Apart from the pictures, every record here must be copied word for word.

— PROVIDED DATA —
★ ★ ★ ★ ★ ★ ★

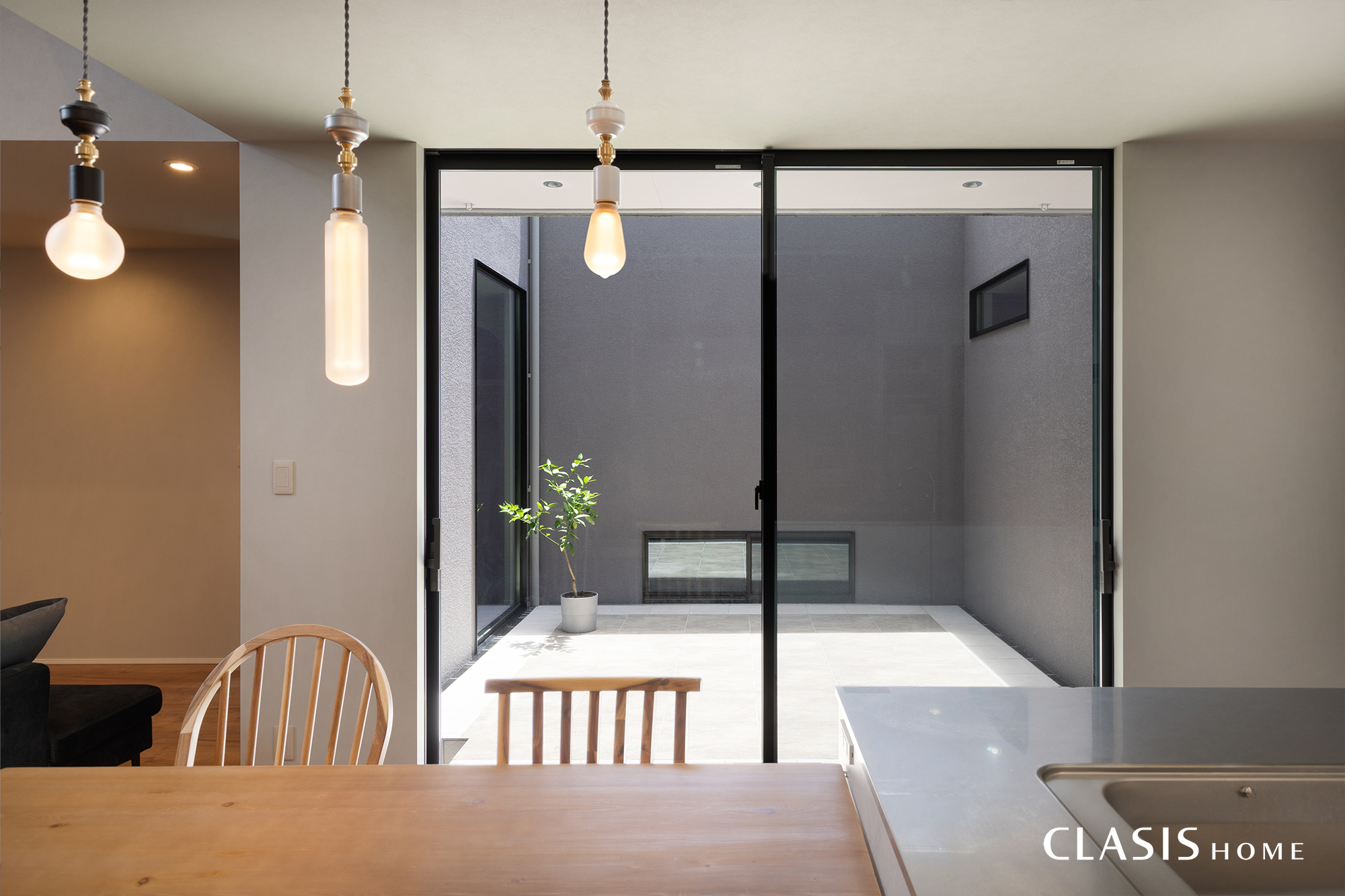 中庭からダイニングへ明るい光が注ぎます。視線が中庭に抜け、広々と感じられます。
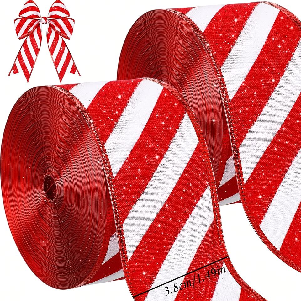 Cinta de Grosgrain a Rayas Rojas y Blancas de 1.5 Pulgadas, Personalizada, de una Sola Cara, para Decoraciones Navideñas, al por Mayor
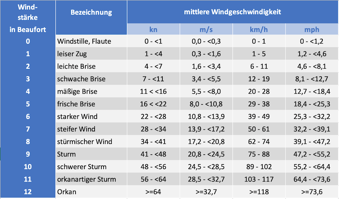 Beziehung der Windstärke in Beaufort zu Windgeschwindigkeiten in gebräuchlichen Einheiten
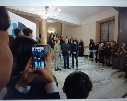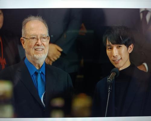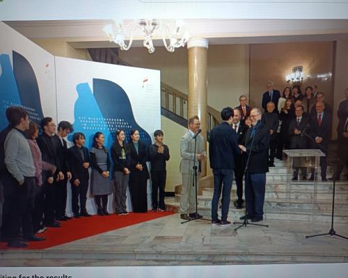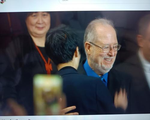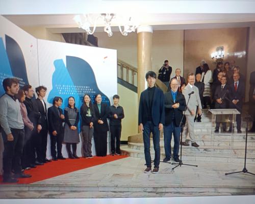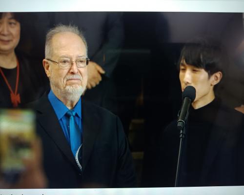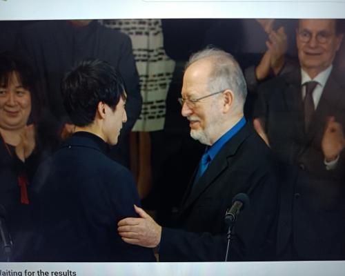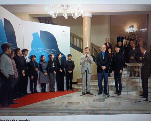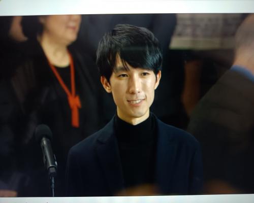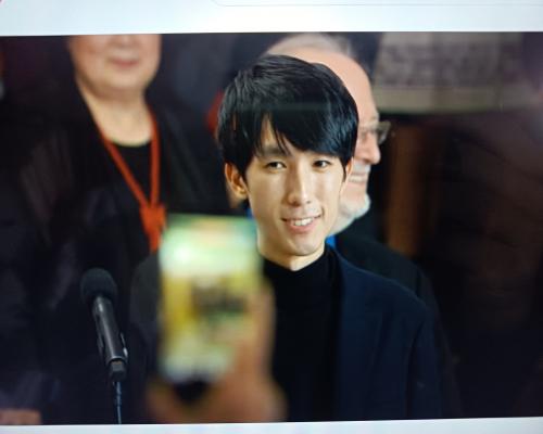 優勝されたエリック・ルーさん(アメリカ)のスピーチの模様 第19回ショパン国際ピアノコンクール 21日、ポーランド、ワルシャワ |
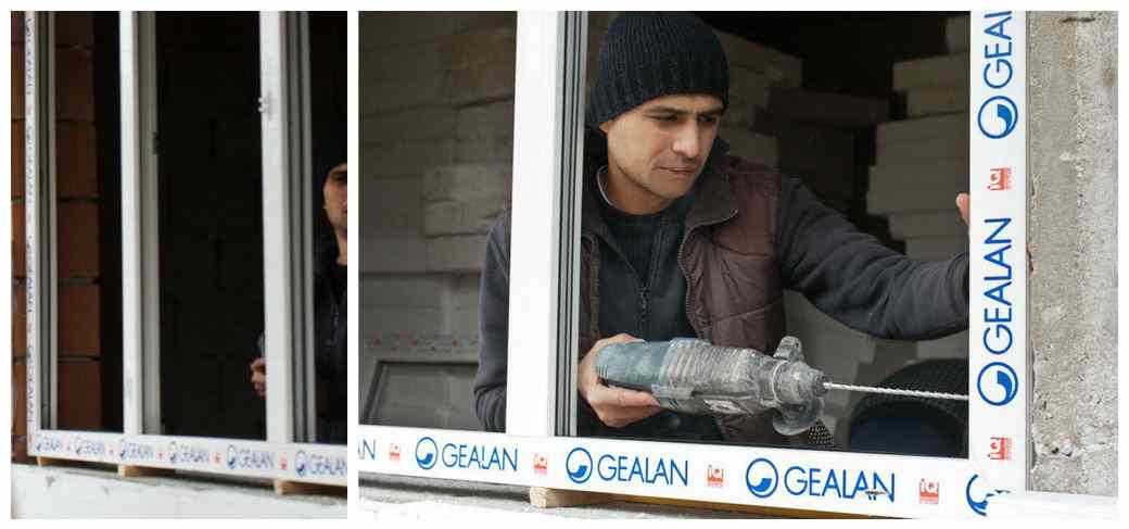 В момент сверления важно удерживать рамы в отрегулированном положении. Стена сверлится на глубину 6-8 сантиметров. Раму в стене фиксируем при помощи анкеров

★ ★ ★ ★ ★ ★ ★

— ANSWER AREA —
 中庭からダイニングへ明るい光が注ぎます。視線が中庭に抜け、広々と感じられます。
 Cinta de Grosgrain a Rayas Rojas y Blancas de 1.5 Pulgadas, Personalizada, de una Sola Cara, para Decoraciones Navideñas, al por Mayor
 Beziehung der Windstärke in Beaufort zu Windgeschwindigkeiten in gebräuchlichen Einheiten
 優勝されたエリック・ルーさん(アメリカ)のスピーチの模様 第19回ショパン国際ピアノコンクール 21日、ポーランド、ワルシャワ |
 В момент сверления важно удерживать рамы в отрегулированном положении. Стена сверлится на глубину 6-8 сантиметров. Раму в стене фиксируем при помощи анкеров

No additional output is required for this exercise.